Tracking the movement of individual atoms has its origins in field ion microscopy1. The invention of scanning tunnelling microscopy (STM), however, marked the birth of a new era, famously allowing Mo et al.2, for instance, to observe the migration of Si atoms on the Si(001) surface and extract the activation energy for diffusion. Swartzentruber went a step further by programming the STM tip to physically follow each step of a single diffusing atom, thereby recording its site-to-site movement3. In this tradition, but for freestanding graphene, it would be ideal to monitor the out-of-plane motions of the carbon atoms. These fluctuations4 are linked to the flexural phonon modes, which are critical to many of graphene’s amazing properties, such as its previously unpredicted stability5,6, anomalous negative coefficient of thermal expansion7 and efficient thermal conductivity8,9. The ripples that form10,11 are also important for understanding transport properties in graphene, as they decrease the carrier mobility in freestanding membranes12, cause disruptive charge puddling13 and induce strong pseudo-magnetic fields14. The ability to locally measure the thermal fluctuations as a function of time will open the door to directly testing their role in these and other important processes.
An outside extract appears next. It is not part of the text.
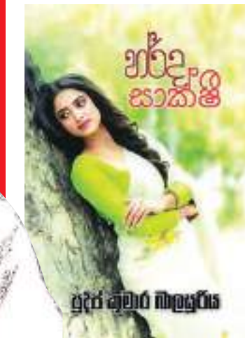
පවුල් ජීවිතයකට සහ නම ප්‍රකාශ බෙහෙවින් ආදරය කරන තේමා, ඔබ අවසානයේ මරා දමනවා? ඔබ, නවකතාවක් නොසි-නා ආකාරයෙන් අවසන් වීම වැදගත්. තේමාගේ මරණය මුල් දී අපේක්ෂා නොකළත්, එසේ අවසන් කරන්නට මට සිදුවුණා. එයට හේතු වුණේ හැම ගැහැනියක්ම තම පළමු ආදරය හමුවේ ඕනෑම සසල වන බව පැවසීම මට වුවමනා වුණා. එසේ පළමු වරට ආදරය කළ තැනැත්තා නැවත පැමිණීමෙන්, තමා වෙනුවෙන් බොහෝ කැපවීම් කළ උද්‍යානට සියුම් අසාධාරණයක් ඇය වෙතින් සිදු වෙනවා. එය නිවැරදි කර ගැනීමට ඇය උත්සාහ කළත්, එම උත්සාහ අසාර්ථක වෙනවා. සැමියා විසින් ඇය එම තත්ත්වයට පත් කරනවා. ඒ නිසා ඇයට නැවත බොහෝ සෙයින් තමා වෙනුවෙන් කැපවූ උද්‍යාන වෙත යෑම හෝ පළමු සැමියා කෙරෙහිම අප්‍රියත්වය මත නැවත ඔහු ළඟ රැඳී සිටීමට සිදු වෙනවා. එවැනි පසු-බිමක එවැනි ගැහැනියකට මරණය හැර අන් විකල්පයක් නැති විය හැකියි.

දේශපාලන ලෝකයේ සැරිසරණ ගැහැනියක නිසා තුරුණු, තම බිරිය තේමා හැර යන්නේ ඇයට දරුවකු ලැබෙන්න සිටියදීයි. දරුවාගේ පියා ලෙසින් නම් කරන්නකු ඇයට අවශ්‍ය වෙනවා. ඒ සඳහා ඉදිරිපත් වන උද්‍යානට ඇය මුළු හදවතින් ම ආදරය කරන්නා වගේම, හද කරනවා. ඒ සියල්ල වෙනස් වෙන්නේ, හැරියිය සියල්ල විනාශ කරගත් සැමියා දේශ-පාලන බලයක් සමඟ නැවත පැමිණීමෙනි.

Here, we report the utilization of STM to precisely monitor the out-of-plane motions of a one-square-angstrom region in freestanding graphene for the first time. The observed fluctuations are found to exhibit random, periodic or mirror-buckling behaviour. The periodic oscillations have current-dependent characteristics, which are shown to be consistent with the predictions of elasticity theory under the influence of thermal stress. No other technique has demonstrated the ability to probe such low-frequency flexural phonon modes at the atomic scale, permitting direct investigation of the dynamic ripples that affect almost every property of graphene. We expect that the new technique will lead to new experiments in graphene, ranging from fundamental to thermal load applications.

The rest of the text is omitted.